Revision history for this message
Dimitri John Ledkov (xnox) wrote :

Note that upstream and all distro grubs have moved on to query for:

"""
This patch implements a search for a specific configuration when the config
file is on a remoteserver. It uses the following order:
   1) DHCP client UUID option.
   2) MAC address (in lower case hexadecimal with dash separators);
   3) IP (in upper case hexadecimal) or IPv6;
   4) The original grub.cfg file.
"""

Is that not sufficient in the future?

Revision history for this message
Lee Trager (ltrager) wrote :

When MAAS gets the TFTP/HTTP request for grub.cfg it doesn't know what the client architecture is. MAAS identifies the machine based on the requested URL. MAAS comes with a default grub.cfg[1] which tries loading /grub/grub.cfg-${net_default_mac} and if that fails /grub/grub.cfg-default-amd64. Machines which have been added to MAAS will match on grub.cfg-${net_default_mac} which already has the architecture defined in Postgres. During enlistment the machine is unknown so /grub/grub.cfg-default-amd64 is used. /grub/grub.cfg-default-amd64 always returns the kernel and initrd for AMD64.

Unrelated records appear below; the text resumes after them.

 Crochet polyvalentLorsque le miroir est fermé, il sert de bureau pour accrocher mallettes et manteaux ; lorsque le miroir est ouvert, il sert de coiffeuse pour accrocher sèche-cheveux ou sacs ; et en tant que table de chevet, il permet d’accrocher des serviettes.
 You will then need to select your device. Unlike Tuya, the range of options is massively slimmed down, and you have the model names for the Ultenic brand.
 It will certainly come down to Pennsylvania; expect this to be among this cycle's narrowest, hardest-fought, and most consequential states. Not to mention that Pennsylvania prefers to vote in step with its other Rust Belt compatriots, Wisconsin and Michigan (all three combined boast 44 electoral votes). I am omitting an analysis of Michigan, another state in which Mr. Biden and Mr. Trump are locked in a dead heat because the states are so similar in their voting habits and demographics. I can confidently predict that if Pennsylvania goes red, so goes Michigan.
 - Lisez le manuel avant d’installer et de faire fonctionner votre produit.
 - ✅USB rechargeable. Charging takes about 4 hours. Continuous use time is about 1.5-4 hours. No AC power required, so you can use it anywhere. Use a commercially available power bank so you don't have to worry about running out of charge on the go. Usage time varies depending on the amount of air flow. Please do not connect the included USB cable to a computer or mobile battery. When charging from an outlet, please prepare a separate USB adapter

This wasn't a problem previously on ARM64 because we were building an unsigned GRUB which embedded a grub.cfg that tried /grub/grub.cfg-${net_default_mac} then /grub/grub.cfg-default-arm64[2].

MAAS responds to the following:
1. grub/grub.cfg-<MAC> - MAC address in IEEE 802 colon-seperated format. There is a note in MAAS source that GRUB will only send MAC addresses in this format[1]. Due to this dash separated MAC is not supported.
2. grub/grub.cfg-default-<ARCH> - ARCH is a Debian architecture supported by MAAS(amd64, arm64, etc)
3. grub/grub.cfg - This simply tries 1 then 2.

While its possible to add support for other formats GRUB comes from the MAAS stream. We can't force existing users to upgrade.

[1] https://git.launchpad.net/maas/tree/src/provisioningserver/boot/uefi_amd64.py?h=2.9#n22
[2] https://git.launchpad.net/maas-images/tree/conf/bootloaders.yaml?id=10c44123886a03f828ee19675164ced83928ba27#n46

Revision history for this message
dann frazier (dannf) wrote :

Couldn't MAAS generate a grub.cfg that dynamically determines the appropriate fallback architecture?

grub> echo $grub_cpu
arm64

Revision history for this message
Lee Trager (ltrager) wrote :

MAAS expects the Debian architecture to be used. We could create a map for it and respond as you suggest. However this would only fix new versions of MAAS. MAAS started using bootloaders from the stream in MAAS 2.1. We no longer support MAAS < 2.5, those versions would remain broken. It would most likely take a few months to back port and qualify to MAAS 2.5-2.9. Patching GRUB to try what MAAS expects would be the fastest solution to get a fix to all of our users.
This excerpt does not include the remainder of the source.